Various different CNN architectures have been used in the literature. The majority consist of three basic types of layers: convolutional, pooling, and fully connected layers. The convolutional layer’s function is to learn feature representations of the inputs. This is achieved by convolving the inputs with learnable kernels, followed by applying an element-wise activation function. Convolutional layers are typically followed by pooling layers which reduce the dimension by combining the outputs of clusters of neurons into a single neuron in the next layer. Local pooling combines small clusters, typically of size \(2\times 2\), while global pooling acts on all neurons of the previous layer. A sequence of convolutional and pooling layers is then typically followed by one or several fully-connected layers as in Eq. (78). These are then followed by a final output layer chosen according to the specific learning task such as a softmax layer for classification tasks (Gu et al., 2018).

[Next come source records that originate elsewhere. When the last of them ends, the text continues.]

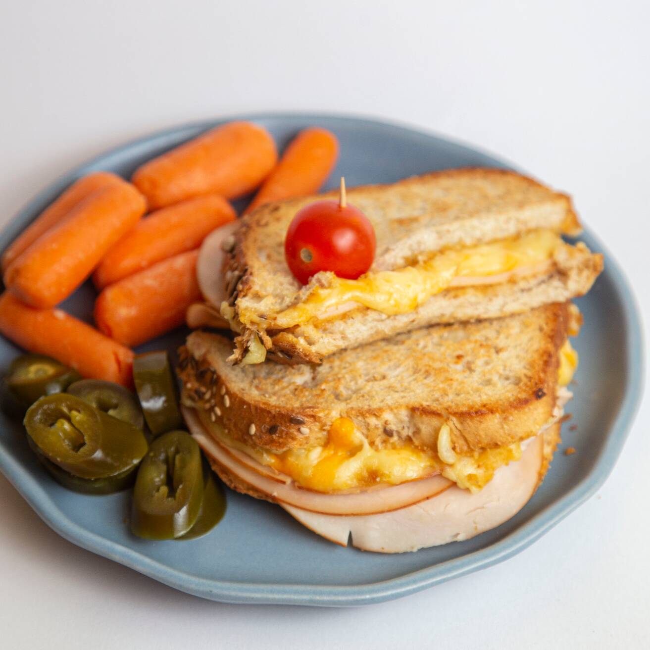 Sándwich con pan multigrano, pechuga de pollo, queso manchego y jamón.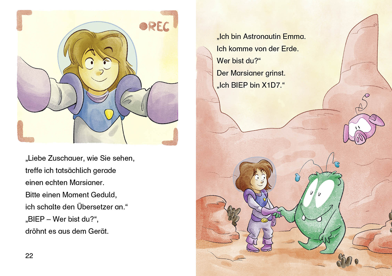 mit Spotlack und Stickerbogen Kurz nach dem Start stellt Astronaut Marc fest, dass ein Meteorit auf die Rakete zurast. Dann fällt auch noch der Funkkontakt zur Erde aus. Ob das gut geht? Auch Emma ist aufgeregt. In einer Höhle auf dem Mars hat sie einen Außeri...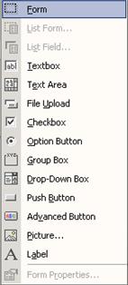- Submission Form - este o alta pagina web simpla ce contine un formular HTML care utilizeaza componenta Save Results (Form properties Send to Database) pentru a adauga inregistrari intr-o baza de date. Spre deosebire de optiunea Send Results to Database care presupune crearea unui formular si apoi atasarea campurilor acestuia la o baza de date, Database Interface Wizard selecteaza sau creeaza in primul rand o baza de date si apoi un formular pe baza tabelelor bazei de date;

For the applications in this paper, we found the best performance for minimalistic CNNs consisting of only one convolutional and one fully-connected layer. The ReLU activation function in Eq. (77) was applied to the output of both layers. We denote the architecture by \((n_{k}/ n_{p}/ n_{f})\) where \(n_{k}\) is the used number of kernels of size \(n_{p} \times n_{p}\) and \(n_{f}\) denotes the number of neurons in the fully connected layer.

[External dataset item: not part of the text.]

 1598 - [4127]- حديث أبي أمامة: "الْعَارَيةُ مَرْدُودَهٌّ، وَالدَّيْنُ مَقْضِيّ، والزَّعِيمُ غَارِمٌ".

5 Experiments and discussion

5.1 implementation details

5.1.1 Simulation details

According to Sect. 2.4.3, setting the step size h properly requires to estimate (an upper bound of) the Lipschitz constant of f. It turned out, however, that applying standard calculus (Rockafellar & Wets, 2009, Ch. 9) to the concrete mappings f (4) yields too loose upper bounds of \(L_{f}\) and hence quite small step sizes h, which slows down the numerical computations unnecessarily. Therefore, in practice, we set h to a value that is ‘reasonable’ for the backward Euler method and monitored the fixed point iteration (16) in order to check every few iterations if the method diverges, in which case h was replaced by h/2. We found \(h=0.2\) to be a reasonable choice for all applications studied here.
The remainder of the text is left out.